Last December, on a bitterly cold and snowy Saturday, thousands of people packed Canalside to welcome the new USS Little Rock into the Navy.
Next month, near a naval base across the country, sailors and civilians will hold a wake for another ship with close ties to Buffalo.
The USS Buffalo, a Los Angeles-class fast-attack submarine that launched in 1982, has concluded its service with the Navy.
It’s a somber final act for a sub whose name provided a badly needed shot of hometown pride. The ship carried the Queen City’s name to the other side of the world, completing key missions from the Cold War to the War on Terror.
“Buffalo, in its true spirit, went overboard at the launch and everything else,” said James F. Dentinger, the local developer whose late father, Fred, was a key link between naval officials and this area for many years.
Workers now are carefully removing the Buffalo’s nuclear reactor and, following its decommissioning, will scrap the ship.
But before that happens, a group of Western New Yorkers will join crew members past and present in July in Washington State to eulogize the USS Buffalo.
“It completes the circle in a very dignified way,” said Maurice L. “Moe” Naylon III, chairman of the local USS Little Rock Commissioning Committee.
This submarine is the third U.S. ship named after Buffalo, according to Navy history. The first served as a patrol vessel and flotilla flagship during the War of 1812. The second served in the early 20th century and as a destroyer tender during World War I before its decommissioning in 1922.

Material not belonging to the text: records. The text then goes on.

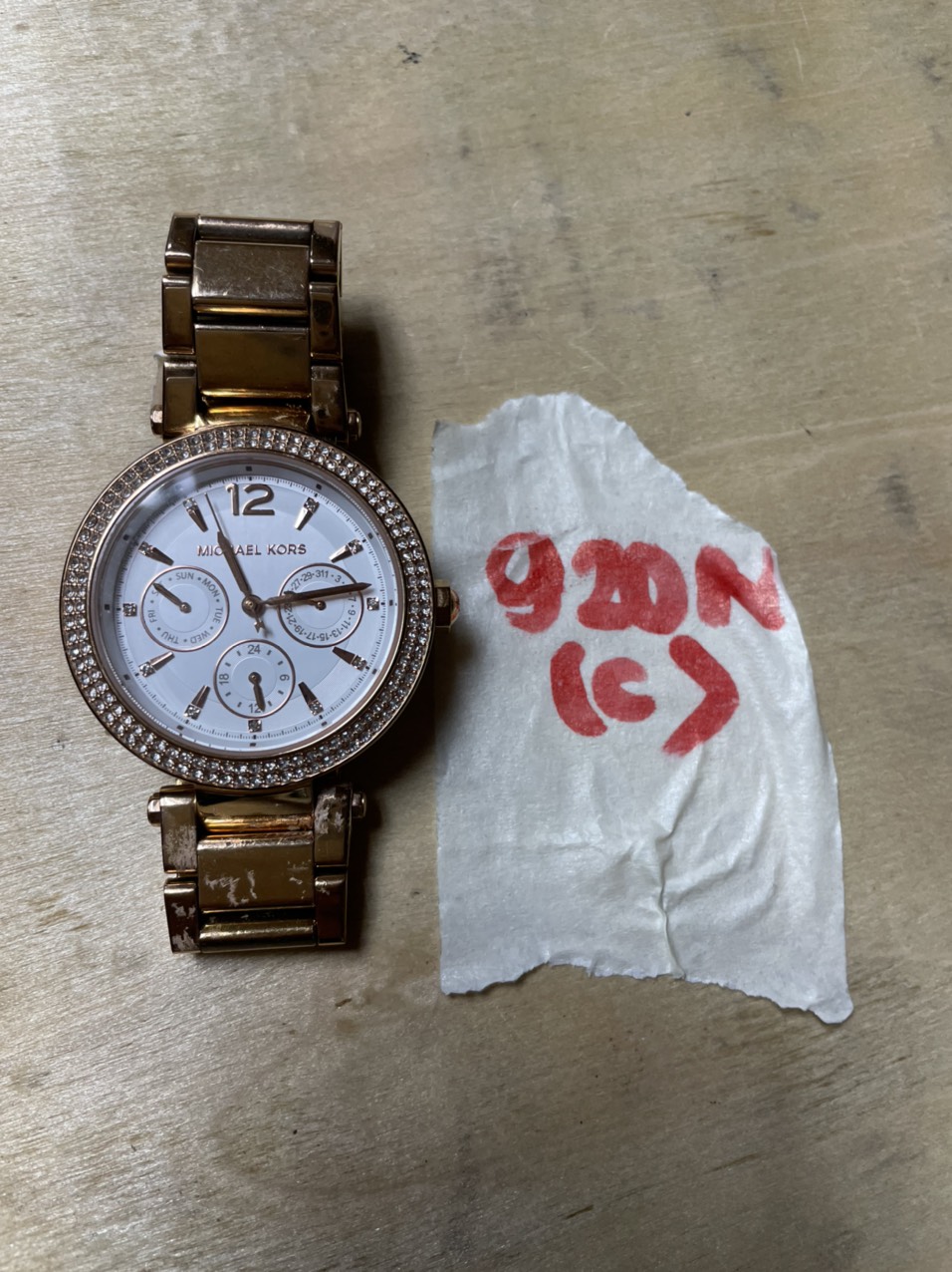 Ngày tiếp nhận: 07/10/2022 Mô tả: 01 đồng hồ dây kim loại màu vàng có chữ Micheal Kors đã sử dụng. Vị trí: An ninh soi chiếu quốc nội |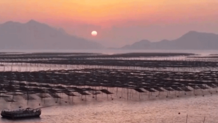 在福建宁德霞浦紧迫的紫菜衍生区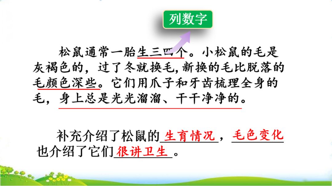 1.默读课文,把从课文中获得的有关松鼠的信息分条写下来。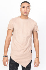 Herren-T-Shirt von Sixth June mit spitzem Schnitt vorne und hinten und weichem Wildledermaterial. Klassischer Schnitt mit Saum an den Ärmeln. Beigefarbenes Modell.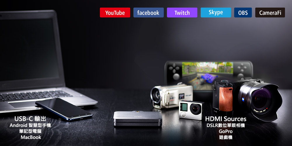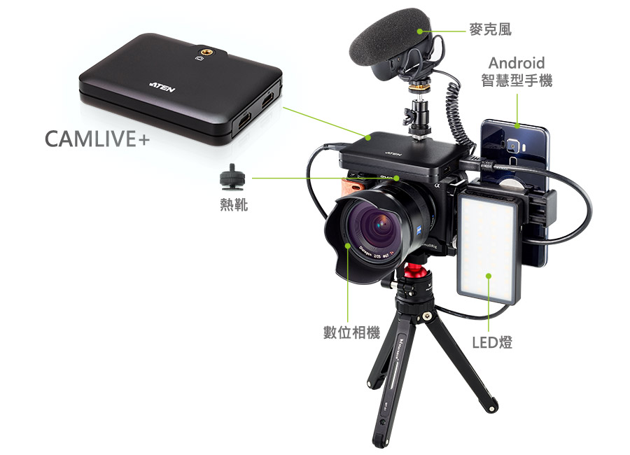 CAMLIVE™ + 具有輕巧美觀的設計,無論活動在室內或戶外,都可以為您提供高品質的即時直播串流或直覺的視訊影像編輯體驗。

Jack Kemp, for many years as an influential Republican member of Congress from Hamburg, is credited with winning the Defense Department’s approval to name another ship after Buffalo.
The keel for the 360-foot-long sub was laid in 1980 at the Newport News Shipbuilding Yard in Newport News, Va. Construction was finished two years later at a cost of an estimated $333 million, or more than $868 million today.
Several thousand people traveled from this area to Newport News for the launch on May 8, 1982. Guests included then-Buffalo Mayor Jimmy Griffin and then-Erie County Executive Edward Rutkowski.
Joanne Kemp, the congressman’s wife and ship’s sponsor, broke a bottle of champagne on the ship as it slipped into the water while their son, Jimmy, then 11 years old, stood on the sub’s sail, or tower.
“There was no doubt that this was a really special day and a big deal,” said Jimmy Kemp, now president of the foundation named after his late father.
For Rutkowski and the rest of the local delegation, naming the sub was a boost to a region reeling from a series of blows. The Courier-Express newspaper folded in 1982; Bethlehem Steel Corp. announced it would close its massive plant in Lackawanna; and the Bills that season started a run of six years without making the playoffs.
“That really was a tough time,” Rutkowski said. “It meant an awful lot to us.”
On the sub, Buffalo pride
The USS Buffalo, with the motto “Silent Thunder,” was commissioned on Nov. 5, 1983, at the height of “The Hunt for Red October” days of the Cold War.
Los Angeles-class fast-attack subs like the Buffalo are prepared to wage war against other subs and surface ships, launch mines and gliders and conduct surveillance and reconnaissance, according to the Navy.
“Attack submarines are very versatile,” said Mike Hewitt, a retired Navy captain and the Buffalo’s first commander.
A part of the Pacific Fleet’s submarine force, the USS Buffalo was stationed at Pearl Harbor, Hawaii, and Guam.
Buffalo embraced the sub. The original crew received “Talking Proud” bumper stickers. Bills- and other Buffalo-themed memorabilia filled the ship.
“There was a Kittinger rocking chair that was given to each skipper for their house that still exists,” James Dentinger said.